As principais ruas de Porto Príncipe foram militarizadas, já no último fim de semana, para evitar a realização de manifestações, previamente convocadas, para exigir a saída de Moïse e a convocatória de um conselho de transição.
“O povo haitiano tem toda a legitimidade diante da comunidade internacional para discutir o seu destino, porque constitucionalmente, desde ontem [dia 7] o Haiti não tem um presidente”, defende o membro da brigada de solidariedade do MST com o Haiti, Paulo Henrique Campos.
Até o momento, a Organização das Nações Unidas (ONU), a Organização dos Estados Americanos (OEA) ou outros organismos internacionais não se manifestaram sobre o Haiti.

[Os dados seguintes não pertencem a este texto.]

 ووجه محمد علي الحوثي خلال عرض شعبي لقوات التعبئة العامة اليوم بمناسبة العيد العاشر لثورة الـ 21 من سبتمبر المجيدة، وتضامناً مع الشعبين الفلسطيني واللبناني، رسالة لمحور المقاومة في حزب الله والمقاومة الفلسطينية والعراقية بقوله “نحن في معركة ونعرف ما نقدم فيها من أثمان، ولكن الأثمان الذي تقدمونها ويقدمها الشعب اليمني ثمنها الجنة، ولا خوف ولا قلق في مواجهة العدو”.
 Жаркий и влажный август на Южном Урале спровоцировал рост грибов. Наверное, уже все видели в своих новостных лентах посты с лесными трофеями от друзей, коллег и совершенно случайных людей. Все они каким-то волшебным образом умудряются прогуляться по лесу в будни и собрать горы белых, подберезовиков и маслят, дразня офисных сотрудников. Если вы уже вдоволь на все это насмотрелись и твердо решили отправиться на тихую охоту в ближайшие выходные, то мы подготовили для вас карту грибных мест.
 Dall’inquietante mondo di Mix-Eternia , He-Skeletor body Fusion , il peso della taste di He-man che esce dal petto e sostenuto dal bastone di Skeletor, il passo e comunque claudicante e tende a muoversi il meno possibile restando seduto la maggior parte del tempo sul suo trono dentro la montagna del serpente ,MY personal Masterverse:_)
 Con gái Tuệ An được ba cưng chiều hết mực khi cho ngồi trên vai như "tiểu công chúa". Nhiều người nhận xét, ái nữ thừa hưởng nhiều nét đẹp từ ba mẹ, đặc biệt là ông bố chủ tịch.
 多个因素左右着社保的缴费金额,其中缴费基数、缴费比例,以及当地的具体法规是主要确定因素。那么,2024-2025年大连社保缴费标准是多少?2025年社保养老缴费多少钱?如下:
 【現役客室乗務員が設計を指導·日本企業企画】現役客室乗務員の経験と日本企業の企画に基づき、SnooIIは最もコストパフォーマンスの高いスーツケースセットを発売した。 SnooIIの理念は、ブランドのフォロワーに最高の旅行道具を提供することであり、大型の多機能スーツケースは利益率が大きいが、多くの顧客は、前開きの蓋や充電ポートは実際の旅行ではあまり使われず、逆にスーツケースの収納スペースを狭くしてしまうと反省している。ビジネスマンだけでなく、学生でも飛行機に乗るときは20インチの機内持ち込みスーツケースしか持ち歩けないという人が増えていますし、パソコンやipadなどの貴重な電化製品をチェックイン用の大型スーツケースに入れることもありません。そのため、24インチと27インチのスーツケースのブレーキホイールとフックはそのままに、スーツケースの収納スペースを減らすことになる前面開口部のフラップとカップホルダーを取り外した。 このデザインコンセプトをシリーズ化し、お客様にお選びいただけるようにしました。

“A chamada comunidade internacional que opera no país através das embaixadas, especialmente Canadá, França e EUA, construíram o Core Group, que é o grupo que sustenta o governo de Jovenel Moïse. Então não é novidade que a comunidade internacional formal se pronuncie defendendo o governo de Moïse”, analisa o militante do MST.

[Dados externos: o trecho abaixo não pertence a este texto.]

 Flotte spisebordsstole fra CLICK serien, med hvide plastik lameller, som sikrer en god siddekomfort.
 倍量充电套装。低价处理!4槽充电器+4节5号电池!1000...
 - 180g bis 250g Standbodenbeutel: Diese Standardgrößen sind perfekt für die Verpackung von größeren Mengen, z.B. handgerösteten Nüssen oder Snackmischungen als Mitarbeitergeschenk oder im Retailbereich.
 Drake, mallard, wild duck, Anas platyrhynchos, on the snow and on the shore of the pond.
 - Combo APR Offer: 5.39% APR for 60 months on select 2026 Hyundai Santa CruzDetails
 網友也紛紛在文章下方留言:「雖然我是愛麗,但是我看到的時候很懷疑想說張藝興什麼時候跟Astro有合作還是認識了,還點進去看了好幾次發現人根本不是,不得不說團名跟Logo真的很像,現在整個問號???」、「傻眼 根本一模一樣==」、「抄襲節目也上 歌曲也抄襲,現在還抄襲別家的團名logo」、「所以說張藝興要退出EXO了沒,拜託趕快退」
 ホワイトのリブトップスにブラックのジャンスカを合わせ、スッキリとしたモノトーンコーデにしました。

Os movimentos populares têm cobrado posicionamento desses organismos internacionais. Nesse sentido, fizeram uma conferência internacional no final de janeiro para expressar sua solidariedade e exigir o respeito à democracia no país caribenho.

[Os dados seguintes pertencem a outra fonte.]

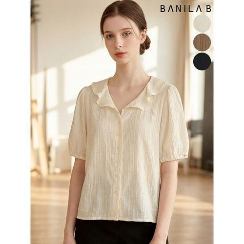 [바닐라비]여성 퍼프 반소매 카라 블라우스
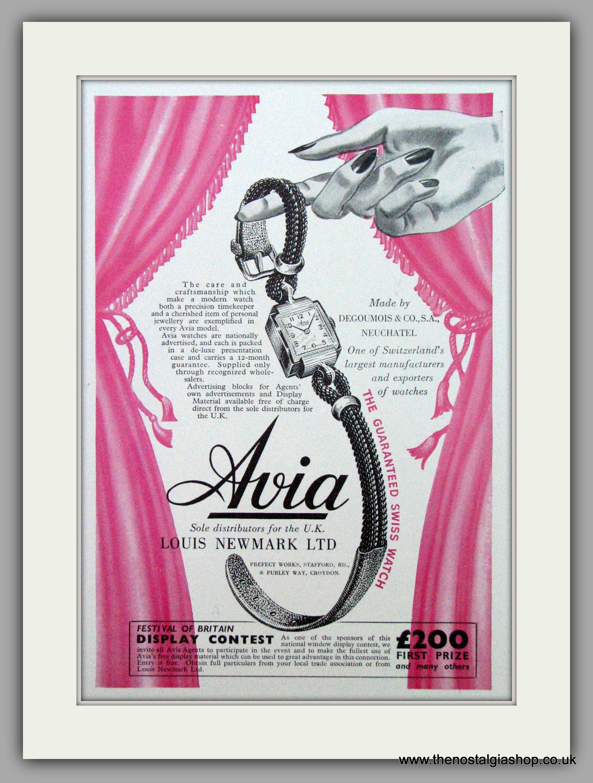 Avia Watches. Ladies Watch. Vintage Advert. Original Advert 1951. Presented in cream bevel cut mount with backing card and clear bag. Ready to fit in 14 x 11 inch frame. Want it framing? If so, buy this then go to Frames Available Category. Click to buy on the suitable frame(s) and we will do the rest. All our adverts, unless clearly stated are Originals from the date shown. They make excellent pieces of wall art and stunning gifts. Many are rare and hard to find and once sold, may not be replaced. Remember you are buying a piece of history. Website watermark is not on original.
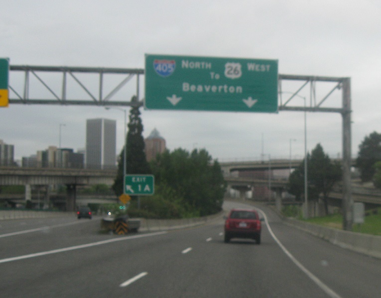 Immediately as I-405 begins, keep left to head up Harbor Drive into the city. Keep right for I-405 to US-26, with the “to” seemingly added as an afterthought.
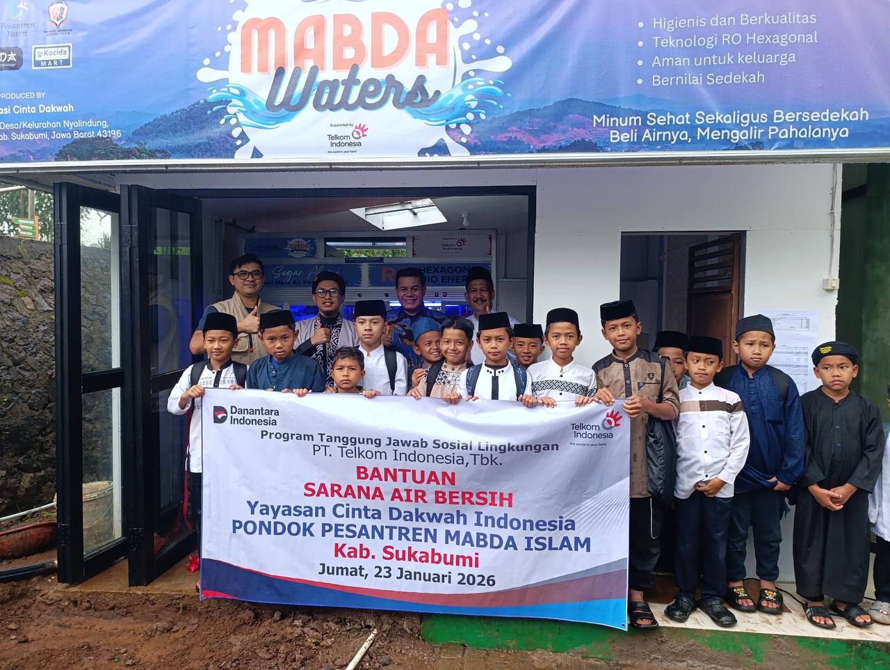 Bekasi – GM Witel Priangan Barat, Dode Suparman, menyerahkan bantuan sarana air bersih kepada Yayasan Cinta Dakwah Indonesia Pondok Pesantren Mabda Islam, yang berlokasi di Kecamatan Nyalindung, Kabupaten Sukabumi, Jumat (23/1).
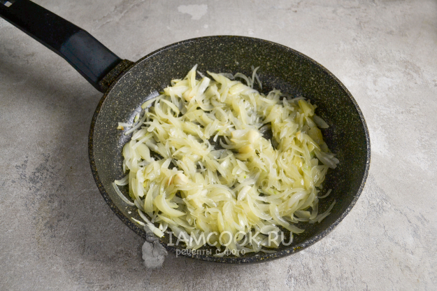 Лук очистите, нарежьте соломкой. Сначала обжарьте на растительном масле до аромата нарезанный чеснок, затем положите лук и обжарьте до легкого золотистого цвета.

“O rompimento da democracia no Haiti é o rompimento de mais uma democracia na América Latina e no Caribe. Então é fundamental que os movimentos do mundo, as forças progressistas de todo o mundo apoiem o Haiti neste momento. Isso é fundamental não só para o povo haitiano, mas para a democracia na região”, afirma Campos.
Crise profunda
Em março de 2020, a ONU já havia declarado que 40% dos haitianos necessitavam de ajuda humanitária para viver e 3 milhões sofriam de insuficiência alimentar severa.
Com um Produto Interno Bruto de US$ 14,3 bilhões e uma dívida externa de US$ 232 milhões, o Haiti é considerado o país mais pobre da América Latina e Caribe pelo Banco Mundial e pelo Fundo Monetário Internacional (FMI).
O desemprego afeta cerca de 14% da população, podendo chegar a 17,8% na zona central do país, enquanto as remessas enviadas por haitianos no exterior representam 20% do PIB nacional.
Oficialmente, o país registra 11.758 casos de covid-19 e 245 falecidos, no entanto há denúncias de subnotificação pela pouca estrutura de contenção à pandemia.
Já que 46% das instituições de saúde são privadas e, nacionalmente, há uma média de 6,34 médicos para cada 10 mil habitantes, quando a Organização Mundial da Saúde (OMS) sugere que a média seja de 25 profissionais a cada grupo de 10 mil habitantes.
Histórico
Desde 2018, quando se desatou uma crise de desabastecimento de combustível na ilha, movimentos populares denunciam a corrupção do atual governo.
O Partido Haitiano Tèt Kale é acusado de desviar cerca de US$ 4 bilhões dos fundos do acordo PetroCaribe, assinado em 2006 com a Venezuela, que oferece petróleo a preços e condições preferenciais ao Haiti.
No último ano, entre os 170 decretos assinados por Moïse, está incluída a criação da Agência Nacional de Inteligência, com agentes que contam com imunidade para investigar supostos atos “terroristas”.
Em dezembro de 2020, o presidente do Colégio de Advogados de Porto Príncipe e líder opositor, Monferrier Dorval, foi morto, em um caso denunciado como um assassinato seletivo.
Para o cientista político Joseph Harold Pierre, a oposição de direita e de esquerda ainda está muito dispersa no país, o que dificulta pensar numa alternativa real de novo governo.
“Até agora acredito que o partido de esquerda mais ou menos estruturado é o Fanmi Lavalas, partido do [ex-presidente] Aristide. Não é que esteja desorganizado, mas como a reorganização se debilitou, porque muitos líderes deixaram o partido, surgiram críticas de falta de democracia interna. Por isso não acredito que poderia ser uma opção de poder na conjuntura atual, mas deveria ter um papel no processo de democratização”, analisa.
Já Paulo Henrique Campos acredita que as mudanças virão da organização popular e da sociedade civil, aliadas em uma frente ampla.
“A sociedade haitiana vai continuar mobilizada. Esse é o sinal que as organizações estão dando para o povo haitiano. Agora é importante construir um programa unitário, no qual toda a sociedade civil possa construir alternativas. Esse também é o sinal que a oposição parlamentar tem dado”, conclui Paulo Henrique.